The Road to Rio: Together Again, This Time for the Red, White, and Blue

Robin Prendes ’11 and Tyler Nase ’13

Tyler Nase ’13, left, and Robin Prendes ’11, right, in action for the Princeton lightweights against Columbia in 2011.

Courtesy Princeton Crew, via Flickr

Brett Tomlinson
By Brett Tomlinson

Published July 25, 2016

2 min read

In high school, rower Tyler Nase ’13 was part of a U.S. crew that won bronze at the World Junior Championships. He got used to hearing the coaches who were recruiting him say how great he’d be in college.

But Greg Hughes ’96, currently head coach of the Princeton heavyweight men and the Tigers’ lightweight coach at the time, “took a completely different approach,” Nase recalls. “He told me he had guys like Robin Prendes [’11] ... who would beat me if I wasn’t on top of my game.”

When Nase joined the Princeton team, he found in Prendes a valuable role model: “Whatever he said, I was willing to do.” And Prendes saw in the newcomer a remarkable competitive spirit: “You could always tell with Tyler that he wouldn’t give up.”

Seven years, later Prendes and Nase are teammates again on the U.S. men’s lightweight four, and this week, they’ll fly to Rio de Janeiro to represent their country at the Olympics.

Making the U.S. team was a pressure-filled process, particularly in the last year. “From September through April, every day counted, every practice counted,” Nase says. Prendes, a 2012 Olympian, was not selected to the U.S. lightweight four for last year’s World Rowing Championships. He raced in the lightweight pair — a non-Olympic event — and then worked his way back onto the four earlier this year.

Now that the team is set, some of that tension has lifted, as the rowers have shifted their focus to Rio. “It feels kind of like reading period,” Prendes explains. “You’re done with classes, but you still have to study and prepare for the final.”

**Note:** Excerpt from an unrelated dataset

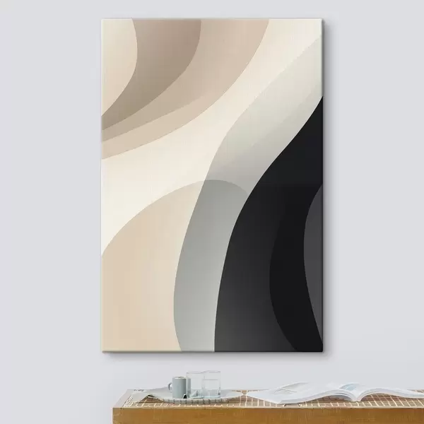 Schilderij Organische golfvormen in warm beige en antraciet Art. s46494
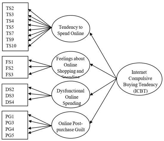 We referred to the scales developed by related studies (e.g., Faber and O’Guinn [7]; Valence et al. [32]; Edwards [33]) and screened the items to first develop an original scale that consisted of 31 items. Following the scale-development process, we collected data with two rounds, conducted statistical analyses, and tested the data by using both EFA and CFA to determine the reliability and validity of each construct. The results indicated a high level of reliability and validity of all the indicators (internal consistency, CR, and AVE). After poor loading of items were excluded, we obtained the final scale, which consisted of 18 items. These items were grouped into four sub-constructs: the tendency to spend online, feelings about online shopping and spending, dysfunctional online spending, and online post-purchase guilt. The final research model is shown as Figure 2.

Since May, the crew has been training in Princeton — a happy homecoming, says Nase, who loves rowing on the flat water of Lake Carnegie and seeing familiar faces at the boathouse. The only downside? Now that the rowers are trimming down to their competition weight of 154 pounds, they have to avoid some of their favorite local foods (in Nase’s case, Conte’s pizza and Thomas Sweet ice cream).

Prendes says this is likely his last summer training in Princeton. He worked in data analytics at Devon Energy for the first three years of the Olympic cycle, and he’s looking forward to a transition from competitive athletics to a new career. A visit to the medal stand in Rio would be a welcome stop along the way.